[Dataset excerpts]
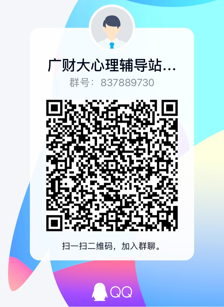 请各学院于2021年10月8日前将本学院心理辅导站工作人员汇总表纸质版(加盖学院公章)报送门诊部心理咨询中心(旧图书馆102室),电子版发送至59916556@qq.com。并请各学院心理辅导站站长及副站长加入“广财大心理辅导站”QQ群”。
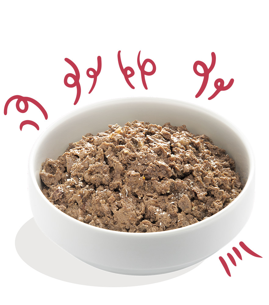 *Produced from 100% controlled organic farming. Organic beef* 51%, organic pork*, organic chicken*, minerals, organic coconut* 0.15%, organic chia seeds* 0.15%, organic rosehip* 0.1%, organic chamomile* 0.1%.
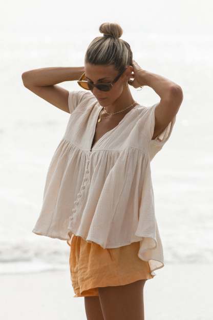 The Beachy Head Cotton Gauze Top is a flowy and lightweight short sleeve top. Its babydoll style is perfect for warm weather and provides a comfortable and airy fit. Made with high-quality cotton gauze, ideal for late summer.
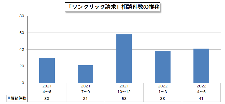 今四半期は「ワンクリック請求(脚注6)」に関する相談が前四半期から約7.9%増の41件寄せられました。
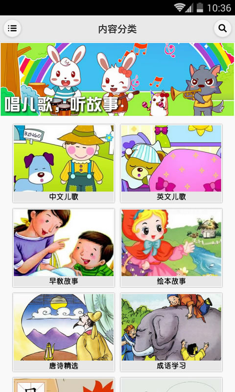 针对0-10岁儿童的早教儿歌软件,精选了儿歌、故事、学习多方面的动画,目前已提供上千首早教动画。内容分为:中文儿歌、英文儿歌、韩语儿歌;成语故事、童话故事、儿童识字、唐诗宋词几大类,涵盖了儿童早期教育的各方面知识,非常适合与您的宝宝同步学习成长。本软件内容不断持续更新,欢迎随时关注收看。软件所含动画都为在线流媒体播放,不占用您的手机空间。观看动画必须联网,建议您在有WIFI的环境中使用。

TASK TO CARRY OUT:
Repeat the records word for word, skipping pictures.

SOLUTION FOR THIS EXERCISE:
 请各学院于2021年10月8日前将本学院心理辅导站工作人员汇总表纸质版(加盖学院公章)报送门诊部心理咨询中心(旧图书馆102室),电子版发送至59916556@qq.com。并请各学院心理辅导站站长及副站长加入“广财大心理辅导站”QQ群”。
 *Produced from 100% controlled organic farming. Organic beef* 51%, organic pork*, organic chicken*, minerals, organic coconut* 0.15%, organic chia seeds* 0.15%, organic rosehip* 0.1%, organic chamomile* 0.1%.
 The Beachy Head Cotton Gauze Top is a flowy and lightweight short sleeve top. Its babydoll style is perfect for warm weather and provides a comfortable and airy fit. Made with high-quality cotton gauze, ideal for late summer.
 今四半期は「ワンクリック請求(脚注6)」に関する相談が前四半期から約7.9%増の41件寄せられました。
 针对0-10岁儿童的早教儿歌软件,精选了儿歌、故事、学习多方面的动画,目前已提供上千首早教动画。内容分为:中文儿歌、英文儿歌、韩语儿歌;成语故事、童话故事、儿童识字、唐诗宋词几大类,涵盖了儿童早期教育的各方面知识,非常适合与您的宝宝同步学习成长。本软件内容不断持续更新,欢迎随时关注收看。软件所含动画都为在线流媒体播放,不占用您的手机空间。观看动画必须联网,建议您在有WIFI的环境中使用。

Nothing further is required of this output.